I didn't see or hear her cry. But her silence was full of tears.
7.9 Burton Hunter
Orene, my mother, reported that Burton shot himself, an undisputed suicide.
Burton's daughter, Mary Judy Hunter, born 14 January 1944 in Lewiston, Idaho, married James Ellis Kimble [Sherrill], born 8 February 1943 in Pomeroy, WA. They have three children as follows.
Shana Lisa Sherrill (Peschek), born 17 January 1970 in Ft. Lewis, WA.
Shalinee Marisa Sherrill (Hunter), born 25 October 1972 in Spokane, WA.
Gulliver Jimson Sherrill (Kimble), born 25 October 1978 in Olympia, WA.
7.923 Gulliver Sherrill's adventures in Japan
Gulliver came to Japan in the spring of 1999 for a year of study as a foreign student in the International Exchange Department of Ajia University (Ajia Daigaku 亜細亜大学) in Musashino city in Tokyo.
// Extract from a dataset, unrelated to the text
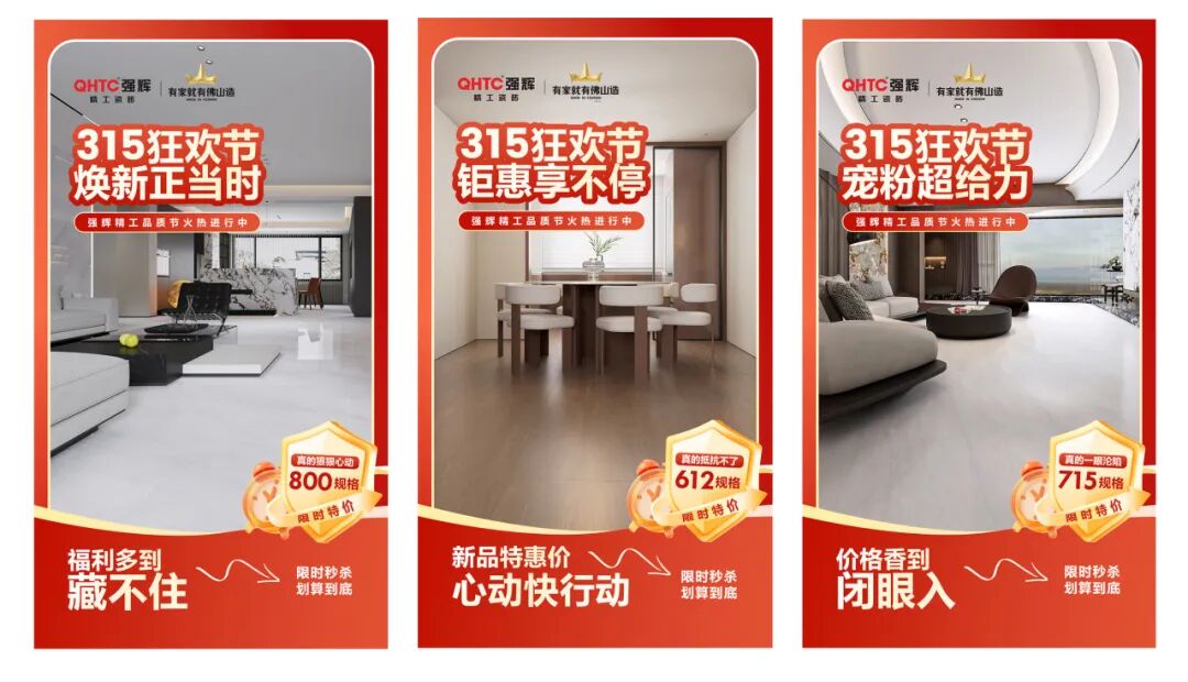活动期间,为更好地助力315精工品质节活动,强辉总部以每日直播形式进行宣传,更推出抖音专属全屋套餐、超值代金券等多重福利,实现线上线下全域营销,让广大消费者尽享多重优惠。

I met him for the 1st time in 25 April.
On the 1st Sunday or possibly Monday of July, I got a call from a bilingual woman in office of the international department, reporting that Gulliver was in the hospital with a broken back. She asked me to mediate with Gulliver's parents, who also contacted me by email. She wanted me to visit him at the hospital with her, so I could directly observe his situation and talk with the doctor, then report my impressions to his parents, who would then decide whether they should come to Japan immediately or later.
I met the woman from the office on Tuesday, 6 July, and reported that Gulliver was wearing a plastic brace that encircled his entire trunk and virtually immobilized him. A CAT scan showed that he had a compound fracture of his 2nd lumbar vertebra. The prognosis was for a recovery that would take several weeks followed by several weeks of rehabilitation. His parents came, and I met them with the woman from the office on Sunday, 11 July 1999.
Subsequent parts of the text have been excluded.